▶ **YOUR OBJECTIVE**: Leave out the pictures and restate exactly, and only, the lines from the one that contains "For OPPO A93" through the final line of the material below.

▶ **INPUT FOR THIS TASK**:
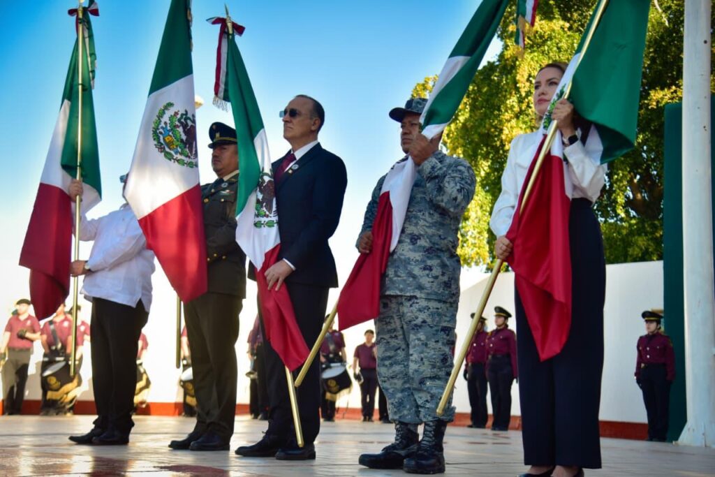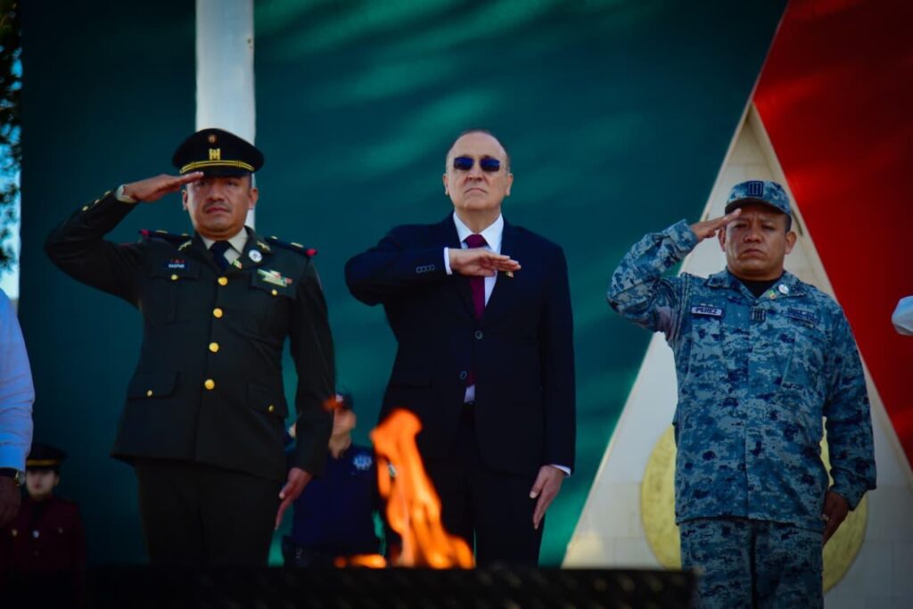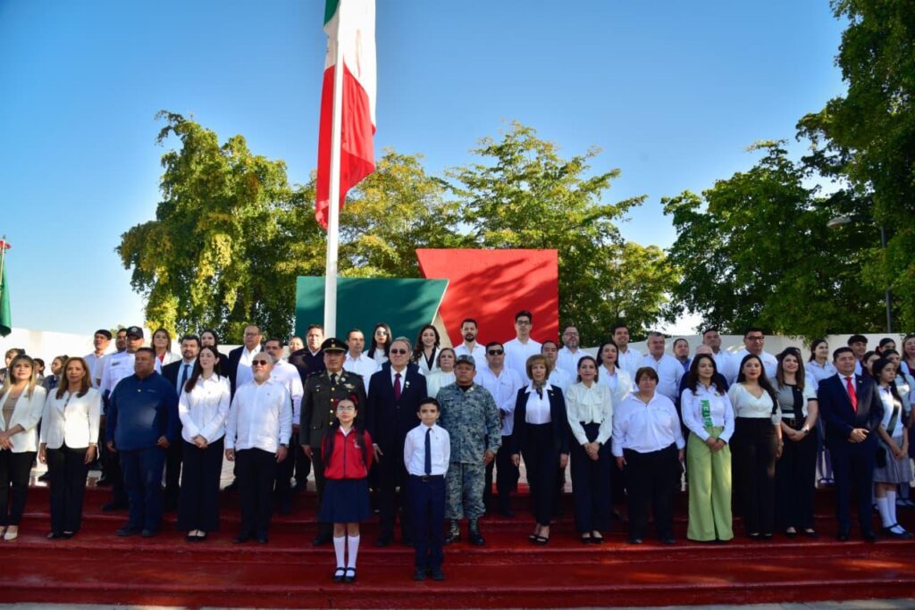 La ceremonia comenzó con el Izamiento de Bandera en la Explanada del Palacio Municipal, con autoridades, servidores públicos, estudiantes y ciudadanía.
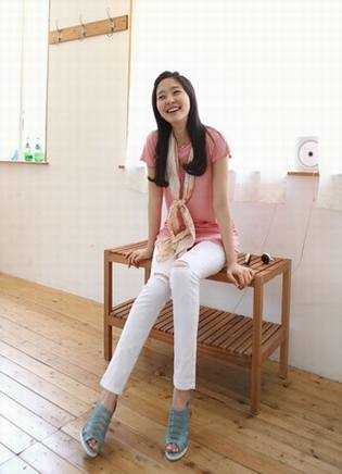 图示:粉红上衣,白色长裤,衬托你的修长娇美
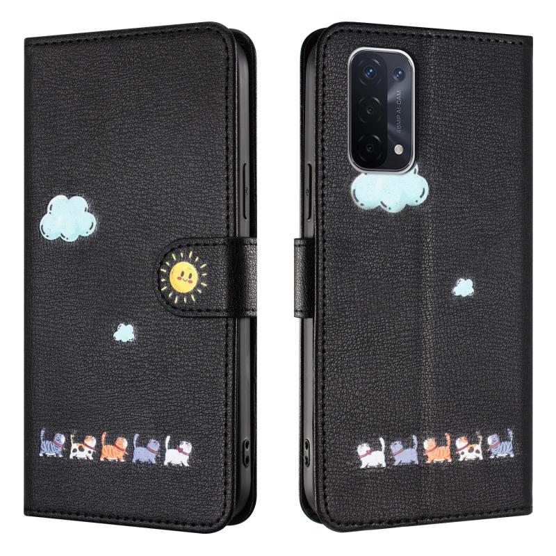 For OPPO A93 5G / A74 5G Cartoon Cats Leather Phone Case(Black)
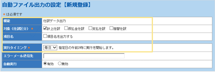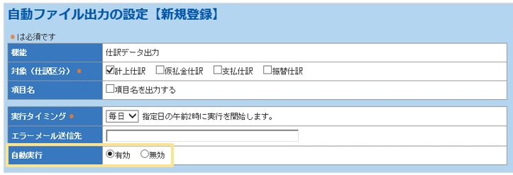 「自動ファイル出力の設定」で設定された頻度(毎日、毎週、毎月)および出力開始時間に
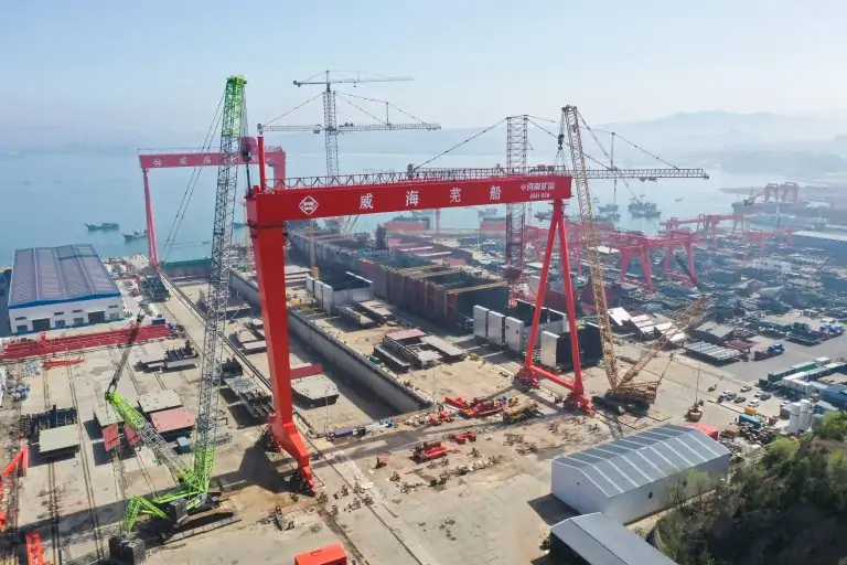 The most common in shipyards is the giant gantry cranes (Goliath cranes), this heavy gantry crane span can reach dozens of meters, lifting capacity of up to several hundred tons, specially designed for lifting hull segments, deck modules and large equipment.

▶ **SOLUTION FOR THIS PROBLEM**:
 For OPPO A93 5G / A74 5G Cartoon Cats Leather Phone Case(Black)
 「自動ファイル出力の設定」で設定された頻度(毎日、毎週、毎月)および出力開始時間に
 The most common in shipyards is the giant gantry cranes (Goliath cranes), this heavy gantry crane span can reach dozens of meters, lifting capacity of up to several hundred tons, specially designed for lifting hull segments, deck modules and large equipment.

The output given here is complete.